Tales fueron las palabras fuertes y sorprendentes que resonaron en el aire, sobre el vasto desierto acuático del Pacífico, alrededor de las cuatro de la tarde del 23 de marzo de 1865.
Pocos pueden haber olvidado la terrible tormenta del noreste, en pleno equinoccio de ese año. La tempestad rugió sin interrupción del 18 al 26 de marzo. Sus estragos fueron terribles en América, Europa y Asia, cubriendo una distancia de mil ochocientas millas, y extendiéndose oblicuamente hacia el ecuador desde el paralelo treinta y cinco norte hasta el paralelo cuarenta sur. Pueblos fueron derribados, bosques arrancados, costas devastadas por las montañas de agua que se precipitaban sobre ellas, barcos arrojados a la orilla, que las cuentas publicadas contaban por centenares, distritos enteros arrasados por trombas marinas que arrasaban todo lo que pasaban, varios miles de personas aplastadas en tierra o ahogados en el mar; tales fueron las huellas de su furor, dejadas por esta devastadora tempestad. Superó en desastres a los que tan espantosamente asolaron La Habana y Guadalupe, uno el 25 de octubre de 1810, el otro el 26 de julio de 1825.

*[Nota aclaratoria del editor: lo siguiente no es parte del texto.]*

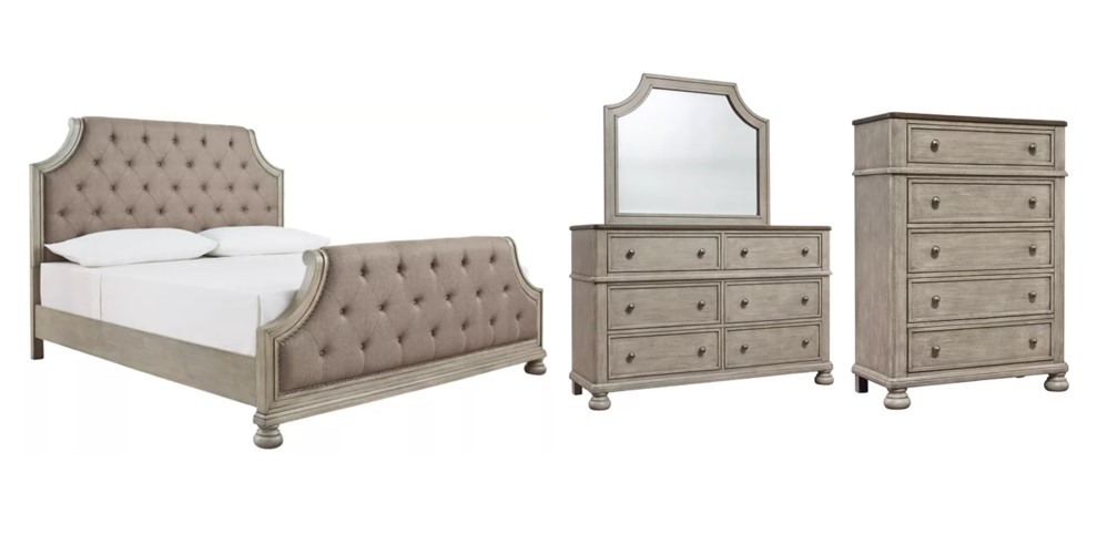 Includes panel bed (headboard, footboard and rails), dresser, mirror and chest

Pero mientras tantas catástrofes ocurrían en tierra y en el mar, un drama no menos excitante se representaba en el aire agitado.
De hecho, un globo, como se puede transportar una pelota en la cima de una tromba marina, había sido llevado al movimiento circular de una columna de aire y había atravesado el espacio a una velocidad de noventa millas por hora, dando vueltas y vueltas como si presa de alguna vorágine aérea.
Debajo de la parte inferior del globo se balanceaba un automóvil con cinco pasajeros, apenas visible en medio del espeso vapor mezclado con espuma que se cernía sobre la superficie del océano.
¿De dónde, se puede preguntar, había venido ese juguete de la tempestad? ¿De qué parte del mundo surgió? Seguramente no pudo haber comenzado durante la tormenta. Pero la tormenta ya llevaba cinco días y los primeros síntomas se manifestaron el día 18. No se puede dudar que el globo venía de muy lejos, pues no podía haber recorrido menos de dos mil millas en veinticuatro horas.
En cualquier caso, los pasajeros, desprovistos de todas las marcas para su orientación, no podrían haber poseído los medios para calcular la ruta atravesada desde su partida. Fue un hecho notable que, aunque en medio de la furiosa tempestad, no la sufrieron. Fueron arrojados y girados sin sentir la rotación en el más mínimo grado, o ser conscientes de que fueron removidos de una posición horizontal.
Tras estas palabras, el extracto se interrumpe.